It Will All Work Out.


“We know that all things work together for the good of those who love God: those who are called according to His purpose.” Romans 8:28.

Life is not an easy journey. We will experience times of sadness and sorrow, and there will be times in which we have absolutely no idea what is going on. Though we may not realize it, everything we experience is part of God’s plan. Paul wrote to the church in Rome that everything we experience, whether it be good or bad, will ultimately work together for good. Paul reminds us that no matter how bad the situation is, God can and will bring good out of it.

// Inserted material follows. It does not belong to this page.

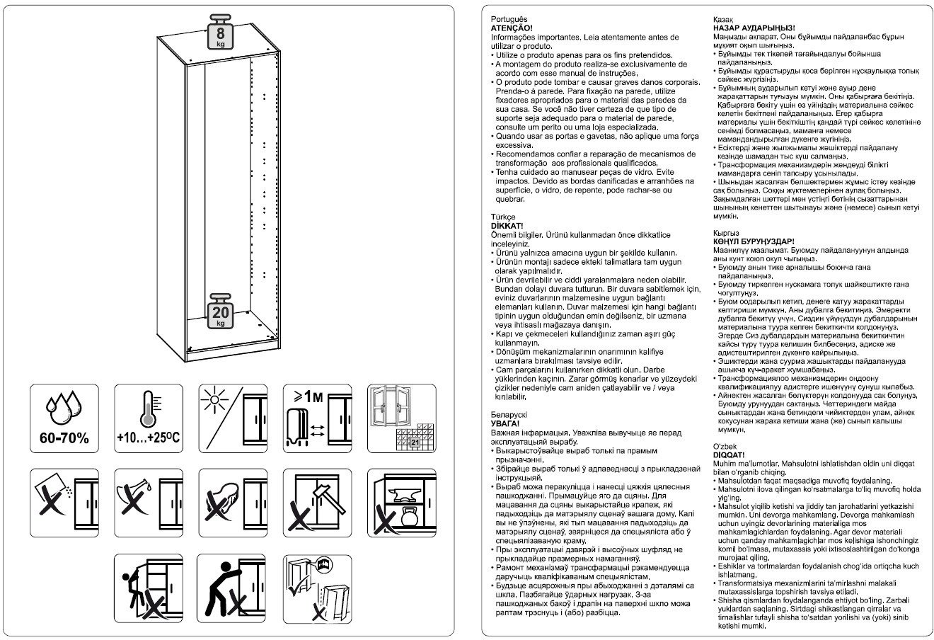 Глубина корпуса 58 см — это точно выверенный размер для комфортного размещения одежды на вешалках. Стандартная ширина плечиков 34–51 см — они свободно помещаются внутри, а дверцы закрываются без заломов на рукавах. Ваши вещи всегда будут выглядеть опрятно.

Paul was a man that knew a thing or two about being in bad situations. Immediately after his conversion to Christianity, he was chased out of town by a group of men that wanted to kill him. In fact, he was forced to leave under the cover of night, and had to be lowered from the city gate hidden in a basket. In all of his missionary journeys, he encountered great hardships. He was beaten, almost stoned to death, nearly torn apart by a riotous mob, arrested, imprisoned, beaten again, shipwrecked, bitten by a poisonous snake, put on house arrest, and eventually beheaded. Despite everything that Paul encountered, he had enough faith in God to understand that it was all part of God’s plan. Though Paul wasn’t able to see the big picture, he knew that God would not leave him high and dry; Paul knew that God would bring good out of the situation, just as He had done for Joseph in the Old Testament.

We must have faith in God when we are going through the valleys and trials of our lives. Though things may be tough and we may not understand what is going on, we must remember that God is in control. He will bring the situation to an end and He will bring good out of even the worst situations. We cannot see the big picture, but God is in control nonetheless. He will not let His people suffer, He will turn our pain into rejoicing.

The Deadliest Weapon.


“For every creature– animal or bird, reptile or fish–is tamed and has been tamed by man, but no man can tame the tongue. It is a restless evil, full of deadly poison. With it we bless our Lord and Father, and with it we curse men who are made in God’s likeness. Out of the same mouth come blessing and cursing. My brothers, these things should not be this way.” James 3:10.

We’ve all heard the saying “sticks and stones may break my bones, but words will never hurt me.” As much as we’d like to believe that words can’t hurt us, the truth of the matter is that words hurt, sometimes very much so. Our tongues, and the words we use, give light to what kind of people we are on the inside. Many times, the words we use do not add up with the lifestyle we claim to lead.

Try as we might, there is little we can do to control our tongues. We may try not to lose our tempers, or to speak out in anger, and we try to be more patient. However, despite all our best efforts, there are times in which we will say whatever is the first thing to come into our mind, whether good or bad. The tongue is a muscle that we cannot train nor tame. The words we use can hurt people more than a actual physical attack, and the scars left by our hurtful words linger and do not always heal. As James said, the tongue is full of deadly poison.

But our tongues aren’t completely bad, they can be used for good. It is with our tongues that we give voice to our prayers and our praise to God. It is with our tongues that we express sentiments of love and friendship. Yet these same tongues that can sing praises to God can also be used to hurt people, and more often the people we hurt with our tongues are the ones we love and care about. James issues a strong warning about cursing one another: since we are all made in God’s image, we are not only lashing out at man when we curse each other, but we are also cursing God, and that is something we should never do.

We must work daily on controlling our tongues. It is not an easy task, and it is one that we will struggle with. But we must not allow our tongues to be used to tear down others and to spew deadly poison. We cannot allow our tongues to give praise to God with one breath and curse our fellow believers with the next. We must remember that our words reflect the true nature of our hearts, if we have anger and hatred in our hearts, then naturally our words will be filled with hatred and anger. But if we have Christ in our hearts, our words should reflect that. We should not talk like everyone else, and we certainly should not use words that will hurt others.